Hindsight
Type: ../types/agent-memory-system-review.md · Status: current · Tags: trace-derived
Hindsight, from Vectorize, is a production agent memory backend for retaining agent/user traces, extracting structured facts, retrieving across semantic, lexical, graph, and temporal paths, and reflecting over raw facts, consolidated observations, mental models, and directives. The inspected repository is not just an SDK wrapper: it contains the FastAPI service, MCP tools, PostgreSQL/Oracle database layer, background worker, generated clients, OpenClaw and framework integrations, local embedded packages, documentation, benchmarks, and monitoring assets.
Repository: https://github.com/vectorize-io/hindsight
Reviewed commit: 9784f6573a5bcba6ac6fd9dfb70929e5318857ce
Last checked: 2026-05-16
Core Ideas
Retain turns submitted traces into extracted memory units, not opaque transcript rows. retain_async and retain_batch_async accept text content plus context, event date, document id, metadata, entities, tags, observation scopes, update mode, and optional fact-type override, then route into a retain orchestrator that chunks, extracts facts, embeds them, resolves entities, builds links, stores chunks/documents, and writes fact rows in batches (memory_engine.py, orchestrator.py, types.py). Raw submitted text remains as documents and chunks; derived facts become memory_units with fact_type values of world, experience, or observation (models.py).
The fact taxonomy separates source claims from consolidated observations. Hindsight's durable fact rows distinguish world facts, bank experiences/actions, and observations. World and experience facts are extracted from retained content; observations are later produced by consolidation and stored in the same memory_units table with proof_count, source_memory_ids, and history columns added by the "new knowledge architecture" migration (models.py, new_knowledge_architecture.py). That makes observations derived knowledge artifacts with explicit source-memory lineage, not a separate handwritten note layer.
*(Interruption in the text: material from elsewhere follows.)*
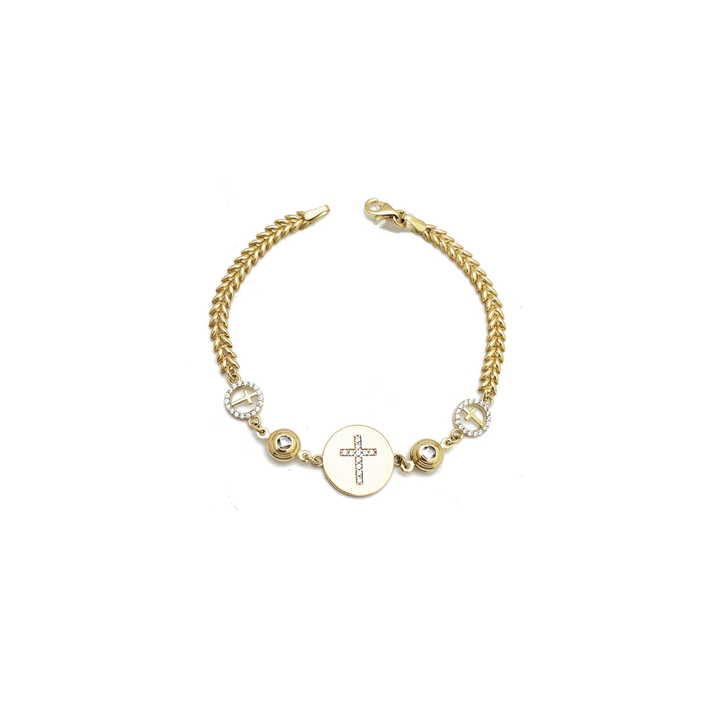 Cross Charm Wheat Link CZ Bracelet (14K).

Storage is database-first but multi-surface. The canonical runtime substrate is PostgreSQL with pgvector HNSW indexes, JSONB metadata, arrays for tags/source ids, entity/link tables, async-operation rows, audit logs, webhook tables, and optional file storage in PostgreSQL bytea, S3, GCS, or Azure (models.py, retrieval.py, postgresql.py, audit.py). The repo also supports embedded PostgreSQL through pg0, external PostgreSQL, Oracle AI Database, generated SDK clients, HTTP, MCP, and local background servers (pg0.py, server.py, README.md).
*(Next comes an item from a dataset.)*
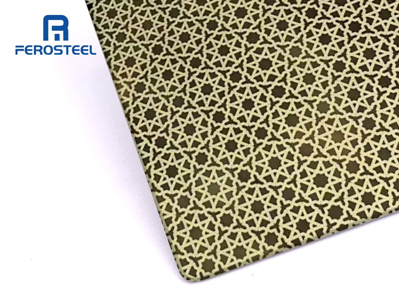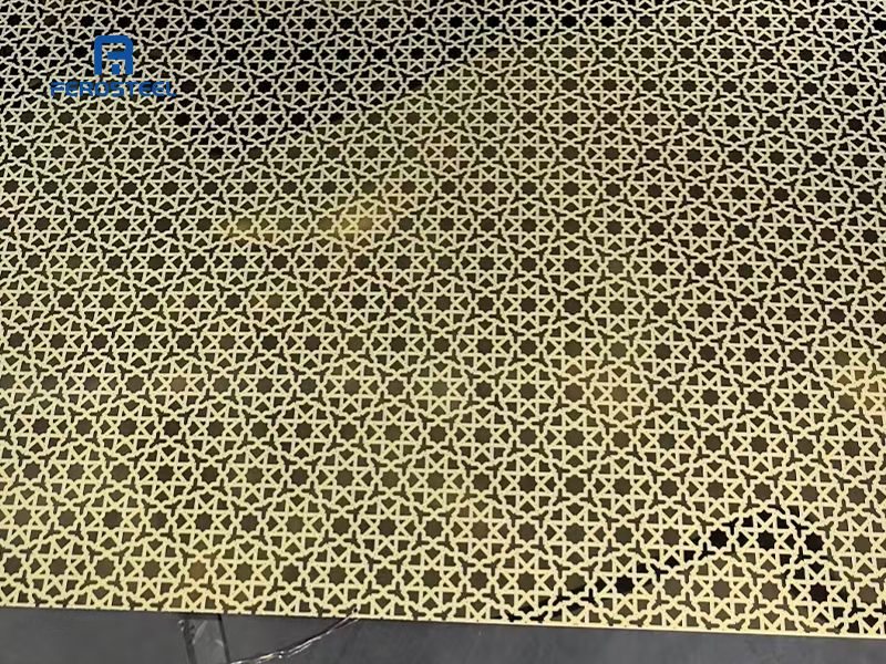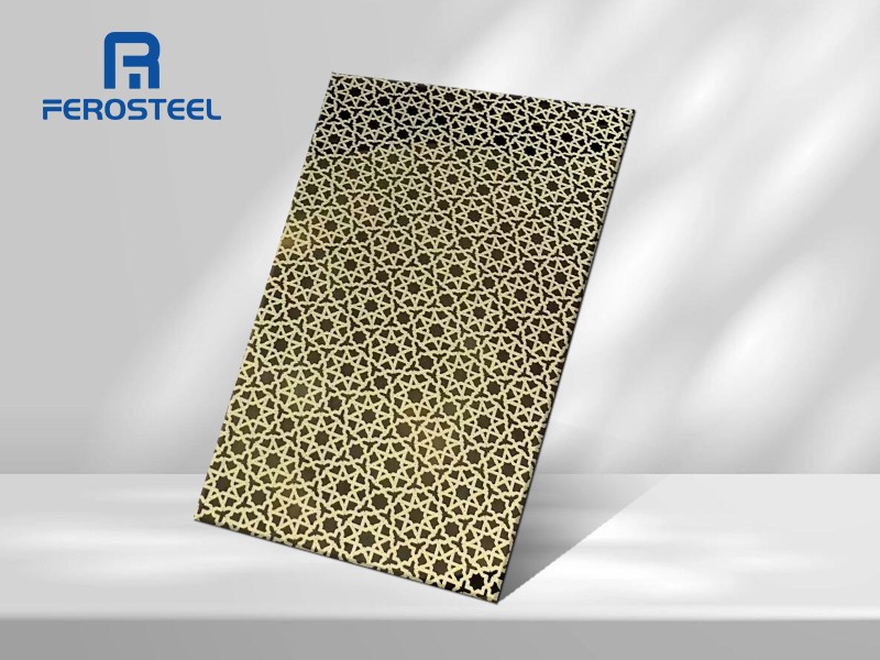 The Geometric Etched Stainless Steel Sheet is a high-end decorative panel featuring a refined and repetitive geometric pattern, created through advanced chemical etching technology. The design shown presents a dense star-like lattice structure, delivering a modern, elegant, and luxurious visual effect.

Recall is a four-way retrieval pipeline over fact types. recall_async runs N-by-four retrieval: for each requested fact type, Hindsight runs semantic vector search, BM25/full-text search, graph retrieval, and temporal retrieval, then merges with reciprocal rank fusion, reranks, diversifies, and token-filters results (memory_engine.py, retrieval.py, fusion.py, graph_retrieval.py). Tags and tag groups are real retrieval controls, not only labels: they filter retain, recall, observation search, mental-model refresh, and directive injection.
Consolidation creates observations as a background learning layer. The consolidation engine consumes unconsolidated world/experience facts, asks an LLM for create/update/delete actions, stores observations as memory_units(fact_type='observation'), records source ids, aggregates time fields and tags, and marks source memories as consolidated (consolidator.py, prompts.py). This is the main trace-derived distillation step: raw retained traces produce facts, and repeated/new facts produce generalized observations with proof counts.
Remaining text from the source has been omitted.